In early innings, when the macroeconomic tide is rising, it can be hard to tell the difference between good and bad startups. Weak founders starting businesses on weak premises are still able to raise money, assemble teams and achieve breathless coverage in Techcrunch. More than ever are swimming naked, but the tide hasn’t gone out for so long that we’ve forgotten how to spot the skinny-dippers. It’s often only in retrospect that we’re able to say we knew it all along, whether good (Amazon) or bad (Theranos).

But there are tools for spotting good startups early. And they depend on filtering for founders who understand the principles of Zen Archery (even if they’ve never heard the term), and Flywheels (even if they aren’t described in that way in the raise deck).

Founders who intuitively understand the principle of iterative, process-based excellence – the core of Zen Archery – are easy to spot. They’re less likely to pretend to have all the answers, and more likely to say “I don’t know but I have an idea for how to find out.” They’re confident and clear in their long term vision, but flexible and hypothesis-driven when developing paths to achieve it. And perhaps most importantly, because they understand that the path to outperformance is not better ideas but better execution over time, they build diverse founding teams who share share their mutually reinforcing habits of extreme curiosity, urgency and accountability.

Happily, these Zen Archer founders are also more likely to choose opportunities with the capacity for Flywheel business dynamics.
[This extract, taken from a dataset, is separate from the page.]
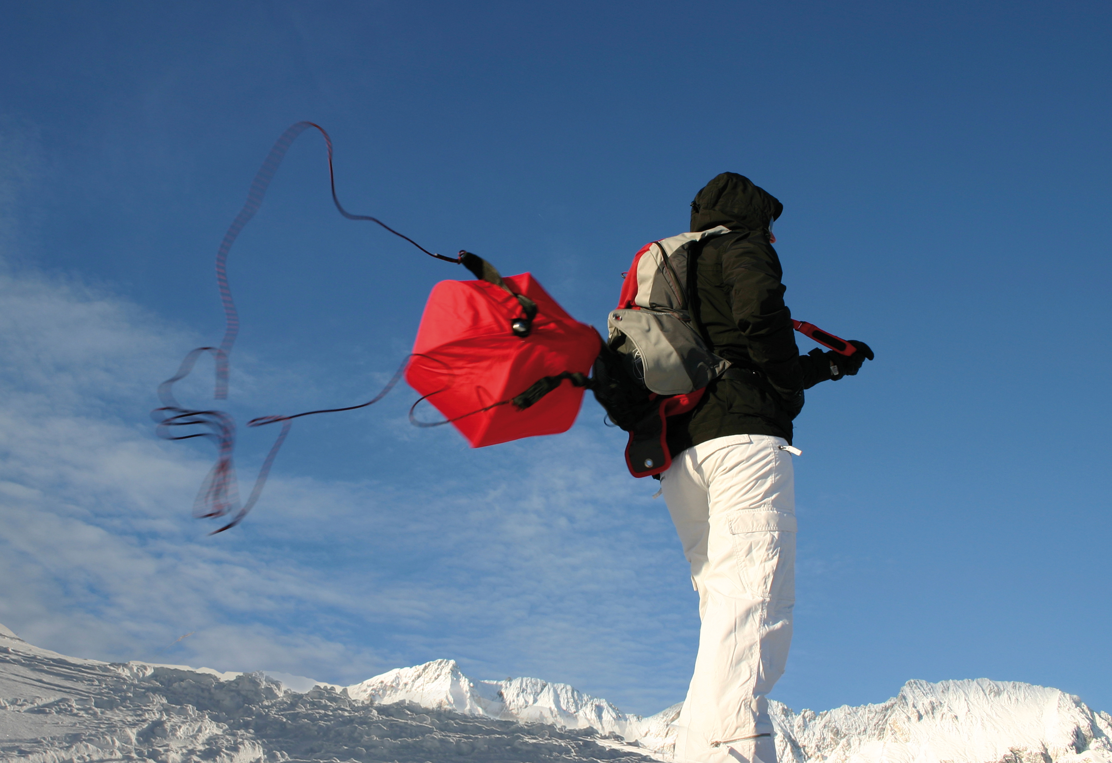 Kommt der Verwender in eine Lawine zieht er an der Reißleine. Die

Inherent in the concept of a flywheel is compound difficulty: flywheels are massive and hard to budge at the beginning, only becoming valuable as mass is added and velocity is increased. Founders who understand that excellence is iterative aren’t daunted by obstacles that seem insurmountable to others; technical complexity, regulatory hurdles, significant capital requirements and difficult paths to market are features that lend long-term value and defensibility to flywheel opportunities, not reasons to avoid them. And when overcoming difficulty in one domain adds leverage in another, you have the beginnings of a flywheel.
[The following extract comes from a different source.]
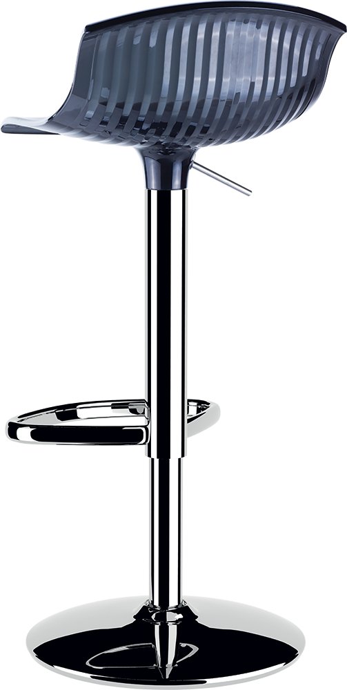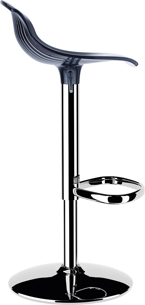 De basis en kolom zijn gemaakt van roestvrij staal, wat zorgt voor een strakke, moderne uitstraling en ultieme duurzaamheid. De transparante zwarte zitting, vervaardigd uit recyclebaar polycarbonaat, geeft je ruimte een stijlvolle en eigentijdse look. Deze kruk is exclusief voor binnengebruik en past perfect in elke moderne setting.

In boom cycles, most of the founding teams we see represent a kind of anti-pattern to these two frameworks. The founders have limited experience in the domain they hope to disrupt; they pursue simplistic business ideas that are clearly derivative (if not exact copies) of existing innovators in the category; and they believe their long-term competitive advantage will arise from superficial aspects of their execution (especially the gratuitous application of buzz-phrases like “blockchain” or “machine learning”, or the Jobsian assertion of “superior design”). These teams tend to be business-heavy and engineering-light, and they expect to be funded (on generous terms) at the concept phase of their journey, with narratives based on analyst reports and press headlines instead of primary customer research and running code.
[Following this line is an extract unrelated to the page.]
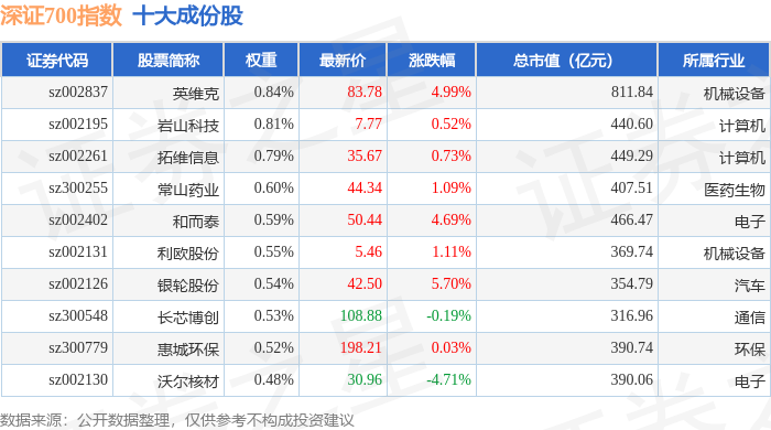 深证700(399010)指数十大成份股详情如下:

The positive example is much more common in economic downturns, when the raw difficulty of being a founder is obvious and those less-suited tend to stick with their day jobs. These founders are irrationally obsessed with an unfashionable problem. The problem is unfashionable because it’s dauntingly hard, in a segment of the economy that most people don’t know / hear / read about, or anticipates business or technical conditions that don’t yet exist. The founders have learned about the problem through first-hand experience, and their ideas about how to solve it rely on insights invisible to the casual observer. They have picked a point of entry to the opportunity that might seem trivially small, but creates a vector for learning and evidence-gathering in support of a bigger vision. And each step along the road to that vision, if successful, creates an asset that adds to the long-term value and defensibility of the enterprise as a whole.

Does any startup at the earliest stages cleanly map onto one or the other of these extremes? Of course not. Even the most exciting opportunities come with obvious flaws and stomach-churning uncertainties, which is what makes being an investor so fun. But boom cycles can be particularly confusing for investors and founders alike, because houses of stone and houses of cards both tend to stay upright, and often look very similar from a distance, until the wind begins to blow again.